As soon as the line containing "A crosscut diamond" appears in the material below, start returning lines exactly, and end with the line containing "ゴルフウェア 2024年モデル Admiral".

--- Data shown Enclosed Below ---

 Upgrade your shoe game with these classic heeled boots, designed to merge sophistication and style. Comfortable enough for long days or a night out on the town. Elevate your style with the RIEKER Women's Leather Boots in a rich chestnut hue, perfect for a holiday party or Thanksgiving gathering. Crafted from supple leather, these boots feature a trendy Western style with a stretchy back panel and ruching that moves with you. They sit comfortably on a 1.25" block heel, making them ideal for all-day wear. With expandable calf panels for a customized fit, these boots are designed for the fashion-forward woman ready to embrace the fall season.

--- End of Enclosed Data shown ---
--- Data shown Enclosed Below ---

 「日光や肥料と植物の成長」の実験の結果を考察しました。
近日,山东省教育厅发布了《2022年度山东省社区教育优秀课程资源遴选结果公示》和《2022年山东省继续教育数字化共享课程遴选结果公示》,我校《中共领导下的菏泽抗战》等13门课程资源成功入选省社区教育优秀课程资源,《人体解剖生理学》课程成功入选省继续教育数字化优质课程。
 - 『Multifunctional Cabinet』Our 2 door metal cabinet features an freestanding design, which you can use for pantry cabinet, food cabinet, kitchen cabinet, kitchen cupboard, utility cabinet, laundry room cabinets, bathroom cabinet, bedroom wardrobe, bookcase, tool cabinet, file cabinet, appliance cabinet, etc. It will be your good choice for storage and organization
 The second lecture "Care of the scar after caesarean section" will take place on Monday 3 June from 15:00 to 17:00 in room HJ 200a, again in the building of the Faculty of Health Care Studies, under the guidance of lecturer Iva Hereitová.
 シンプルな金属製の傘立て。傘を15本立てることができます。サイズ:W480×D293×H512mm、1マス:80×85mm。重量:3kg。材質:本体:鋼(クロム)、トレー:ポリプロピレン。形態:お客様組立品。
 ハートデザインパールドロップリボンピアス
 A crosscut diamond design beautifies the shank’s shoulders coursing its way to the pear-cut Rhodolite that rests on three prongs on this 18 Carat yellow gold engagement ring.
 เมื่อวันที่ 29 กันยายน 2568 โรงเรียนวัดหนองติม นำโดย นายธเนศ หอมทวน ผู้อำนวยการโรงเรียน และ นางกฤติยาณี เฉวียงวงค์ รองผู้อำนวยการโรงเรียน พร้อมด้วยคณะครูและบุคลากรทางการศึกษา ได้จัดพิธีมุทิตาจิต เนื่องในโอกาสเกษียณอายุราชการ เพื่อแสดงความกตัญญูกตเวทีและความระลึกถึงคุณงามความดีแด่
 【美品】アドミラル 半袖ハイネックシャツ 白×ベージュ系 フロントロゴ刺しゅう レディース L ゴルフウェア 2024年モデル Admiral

--- End of Enclosed Data shown ---

## Written reply
 A crosscut diamond design beautifies the shank’s shoulders coursing its way to the pear-cut Rhodolite that rests on three prongs on this 18 Carat yellow gold engagement ring.
 เมื่อวันที่ 29 กันยายน 2568 โรงเรียนวัดหนองติม นำโดย นายธเนศ หอมทวน ผู้อำนวยการโรงเรียน และ นางกฤติยาณี เฉวียงวงค์ รองผู้อำนวยการโรงเรียน พร้อมด้วยคณะครูและบุคลากรทางการศึกษา ได้จัดพิธีมุทิตาจิต เนื่องในโอกาสเกษียณอายุราชการ เพื่อแสดงความกตัญญูกตเวทีและความระลึกถึงคุณงามความดีแด่
 【美品】アドミラル 半袖ハイネックシャツ 白×ベージュ系 フロントロゴ刺しゅう レディース L ゴルフウェア 2024年モデル Admiral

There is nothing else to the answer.